Node ReferenceVector Stores
Vector Store Retrievers
Store-specific retriever nodes that fetch documents by embedding similarity, with node types and connections.
Each supported vector store has a dedicated retriever node. All take a query embedding (list[float]) produced by a text embedder and return matching documents (list[Document]). Elasticsearch and OpenSearch variants accept query_embedding plus optional filters. For the store-agnostic alternatives, see Vector Store Search and Knowledge Base Search.

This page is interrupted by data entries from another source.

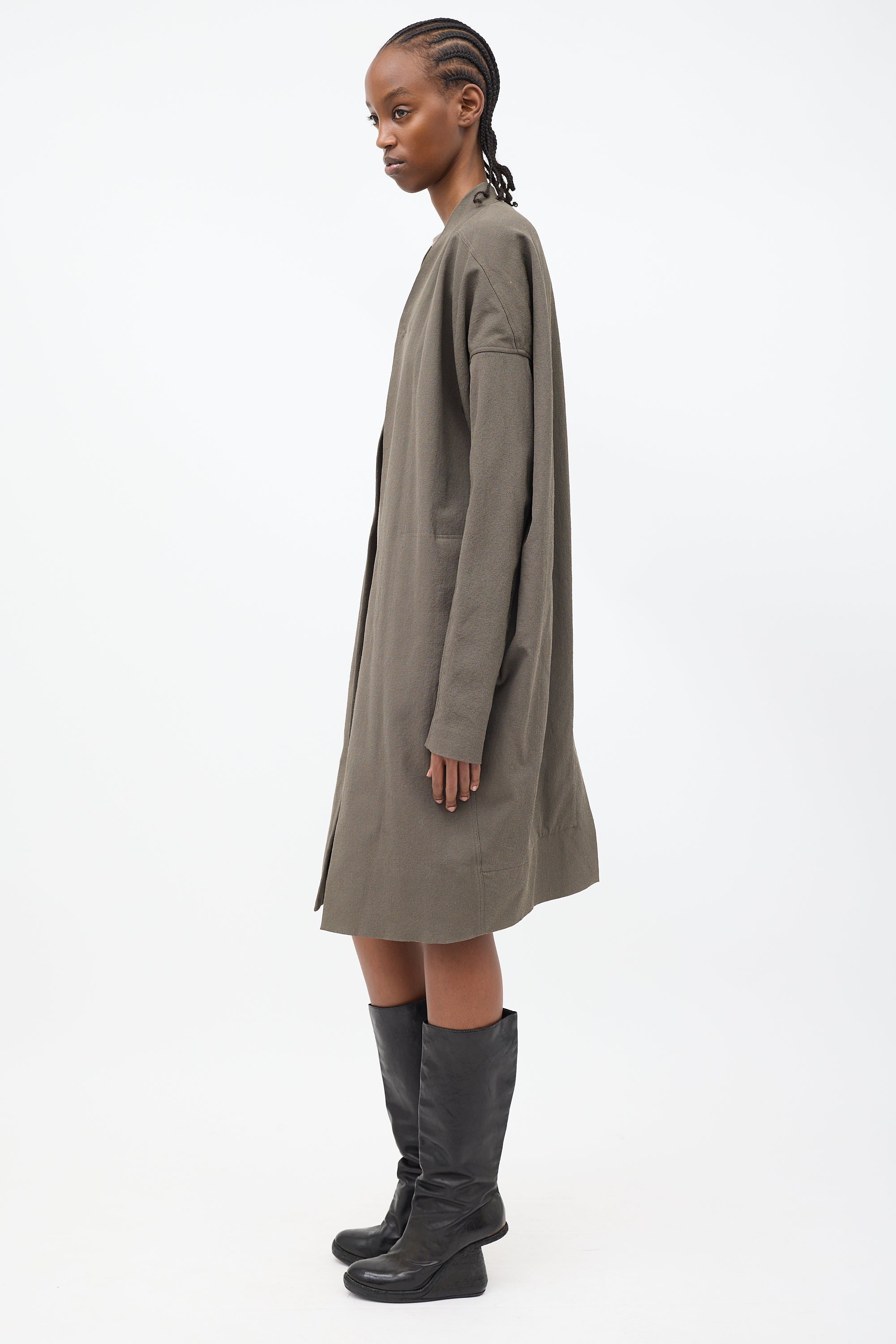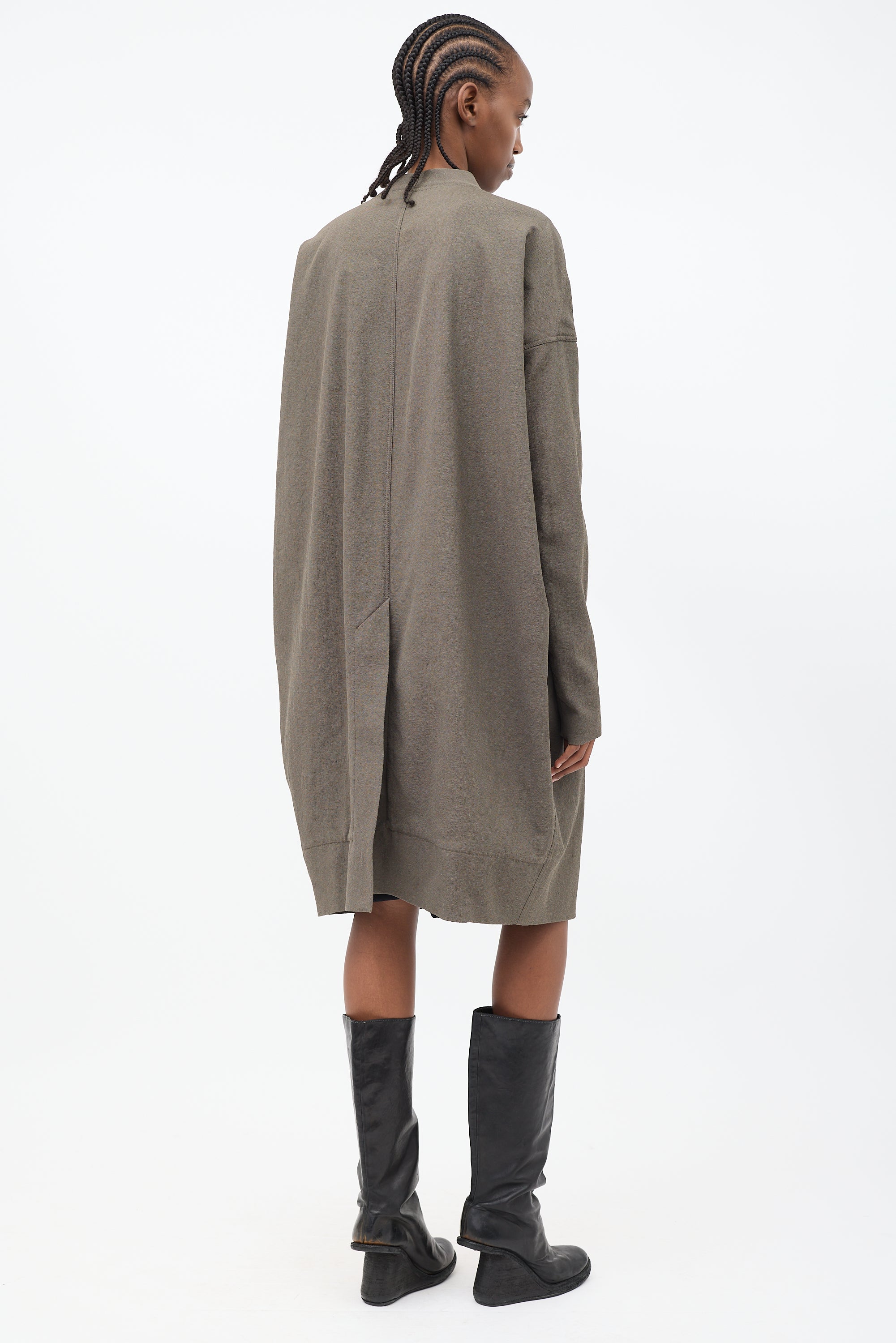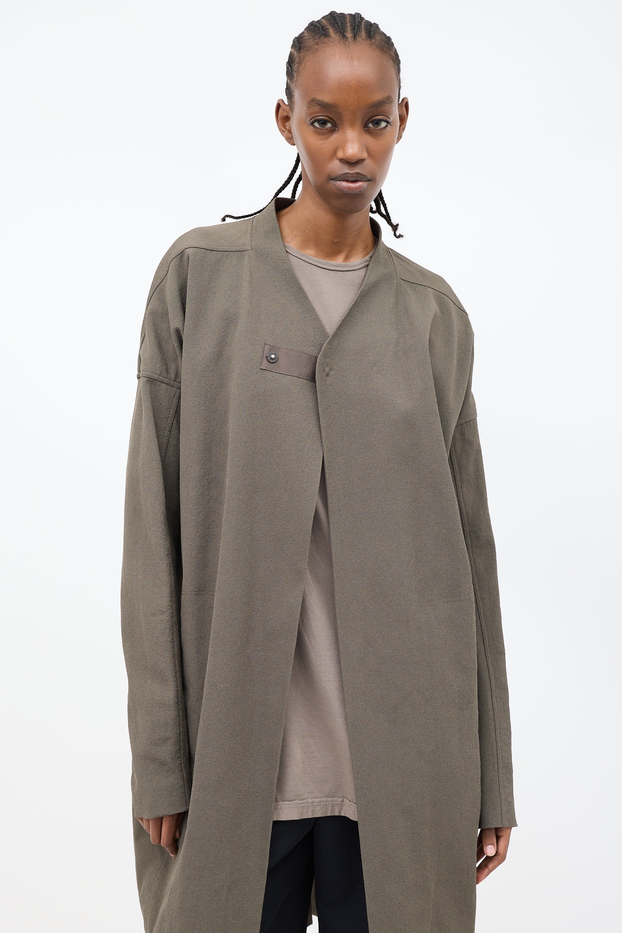 Pre-owned Rick Owens taupe cotton blend mid length coat featuring a high surplice neckline, dual button fastening at neck, cocoon silhouette, two slip pockets at front hip, back vent, dropped shoulders, and long sleeves. Lined.
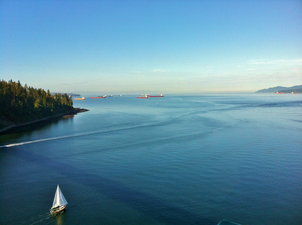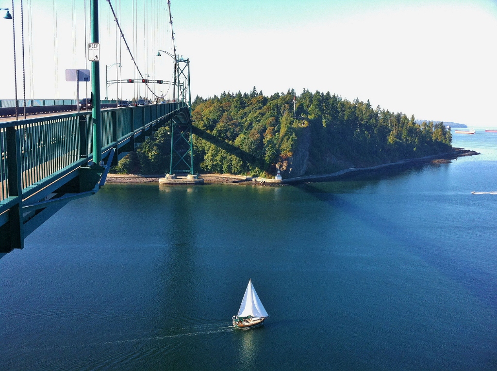 1) looking out into English Bay from the centre of Lions Gate bridge
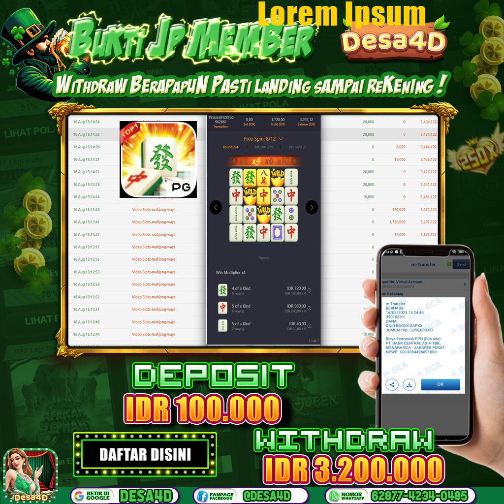 DESA4D Bukti Kemenangan Mahjong Ways PG Soft
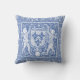 Elegant blue and white pillow with cherubs carrying a coat of arms with three fleur de lys. From a mediaeval embroidery or tapestry pattern.
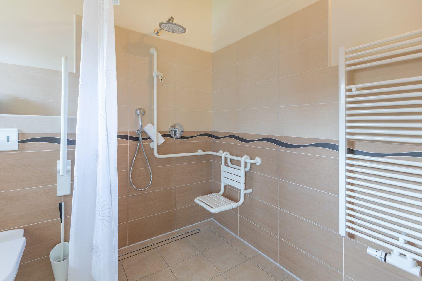 Die befahrbare Sauna mit der Liege-/Sitzfläche in Rollstuhlhöhe sorgt für einen entspannten Wellness-Urlaub!
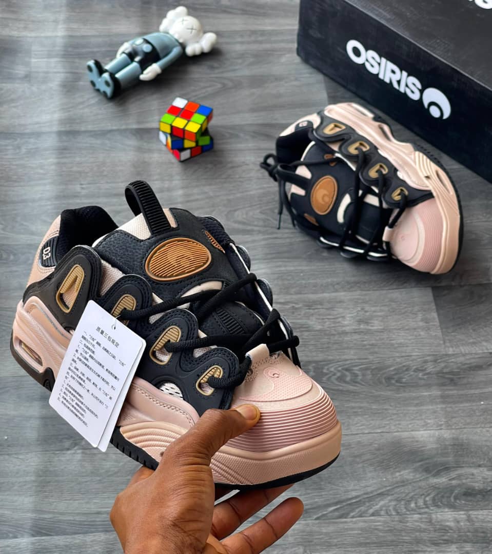 This legendary, high-volume silhouette features a striking black and tan upper accented by bold pink details. Built for maximum durability and impact protection, it features the iconic oversized lace loops and a visible 3/4 helium-filled airbag system for superior cushioning.

| Store | Node label | Node type | Connection type | Inputs | Outputs | Notes |
|---|---|---|---|---|---|---|
| Weaviate | Weaviate Retriever | dynamiq.nodes.retrievers.WeaviateDocumentRetriever | Weaviate | embedding | documents | — |
| Pinecone | Pinecone Retriever | dynamiq.nodes.retrievers.PineconeDocumentRetriever | Pinecone | embedding | documents | — |
| Milvus | Milvus Retriever | dynamiq.nodes.retrievers.MilvusDocumentRetriever | Milvus | embedding | documents | — |
| pgvector | pgvector Retriever | dynamiq.nodes.retrievers.PGVectorDocumentRetriever | PostgreSQL | embedding | documents | — |
| Elasticsearch | Elasticsearch Retriever | dynamiq.nodes.retrievers.ElasticsearchDocumentRetriever | Elasticsearch | query_embedding, filters (optional) | documents | — |
| OpenSearch | OpenSearch Retriever | dynamiq.nodes.retrievers.OpenSearchDocumentRetriever | AWSOpenSearch | query_embedding, filters (optional) | documents | — |
| Chroma | Chroma Retriever | dynamiq.nodes.retrievers.ChromaDocumentRetriever | Chroma | embedding | documents | — |
| Qdrant | Qdrant Retriever | dynamiq.nodes.retrievers.QdrantDocumentRetriever | Qdrant | embedding | documents | — |
For when to use these nodes instead of a managed Knowledge Base, see the Vector Store vs Knowledge Base guide; for end-to-end indexing and retrieval pipelines, see How nodes connect and the Knowledge Bases guides.